* _PROVIDED RECORDS_
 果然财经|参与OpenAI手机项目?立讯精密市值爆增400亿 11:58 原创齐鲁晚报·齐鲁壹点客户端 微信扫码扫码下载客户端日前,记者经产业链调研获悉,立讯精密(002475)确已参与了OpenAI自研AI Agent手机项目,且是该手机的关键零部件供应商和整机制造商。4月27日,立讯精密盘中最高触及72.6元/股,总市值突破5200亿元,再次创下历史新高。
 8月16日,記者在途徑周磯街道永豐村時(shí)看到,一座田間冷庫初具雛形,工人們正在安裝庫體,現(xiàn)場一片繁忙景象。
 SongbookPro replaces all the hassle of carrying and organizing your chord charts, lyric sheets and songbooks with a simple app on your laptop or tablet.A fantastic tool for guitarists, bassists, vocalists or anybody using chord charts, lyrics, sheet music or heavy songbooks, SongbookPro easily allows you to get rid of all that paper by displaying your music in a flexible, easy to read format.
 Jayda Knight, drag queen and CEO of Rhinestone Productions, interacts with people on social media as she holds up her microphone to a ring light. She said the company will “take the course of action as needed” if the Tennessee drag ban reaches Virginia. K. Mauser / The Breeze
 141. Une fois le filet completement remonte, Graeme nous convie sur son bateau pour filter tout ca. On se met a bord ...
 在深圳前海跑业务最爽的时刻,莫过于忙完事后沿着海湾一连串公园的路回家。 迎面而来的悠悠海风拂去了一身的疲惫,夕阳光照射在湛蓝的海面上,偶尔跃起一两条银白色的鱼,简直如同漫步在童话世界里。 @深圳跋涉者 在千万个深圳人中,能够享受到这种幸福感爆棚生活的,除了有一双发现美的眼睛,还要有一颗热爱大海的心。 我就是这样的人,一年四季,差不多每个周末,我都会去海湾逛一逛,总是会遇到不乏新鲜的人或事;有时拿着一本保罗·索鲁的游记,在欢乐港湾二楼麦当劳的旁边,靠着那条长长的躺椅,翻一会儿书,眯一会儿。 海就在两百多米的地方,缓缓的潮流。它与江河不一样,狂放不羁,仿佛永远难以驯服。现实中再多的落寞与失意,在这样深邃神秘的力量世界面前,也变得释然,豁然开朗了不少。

* _TASK ITEM_
Transcribe the material exactly, stopping after the "SongbookPro replaces all" line.

* _ANSWER SECTION_
 果然财经|参与OpenAI手机项目?立讯精密市值爆增400亿 11:58 原创齐鲁晚报·齐鲁壹点客户端 微信扫码扫码下载客户端日前,记者经产业链调研获悉,立讯精密(002475)确已参与了OpenAI自研AI Agent手机项目,且是该手机的关键零部件供应商和整机制造商。4月27日,立讯精密盘中最高触及72.6元/股,总市值突破5200亿元,再次创下历史新高。
 8月16日,記者在途徑周磯街道永豐村時(shí)看到,一座田間冷庫初具雛形,工人們正在安裝庫體,現(xiàn)場一片繁忙景象。
 SongbookPro replaces all the hassle of carrying and organizing your chord charts, lyric sheets and songbooks with a simple app on your laptop or tablet.A fantastic tool for guitarists, bassists, vocalists or anybody using chord charts, lyrics, sheet music or heavy songbooks, SongbookPro easily allows you to get rid of all that paper by displaying your music in a flexible, easy to read format.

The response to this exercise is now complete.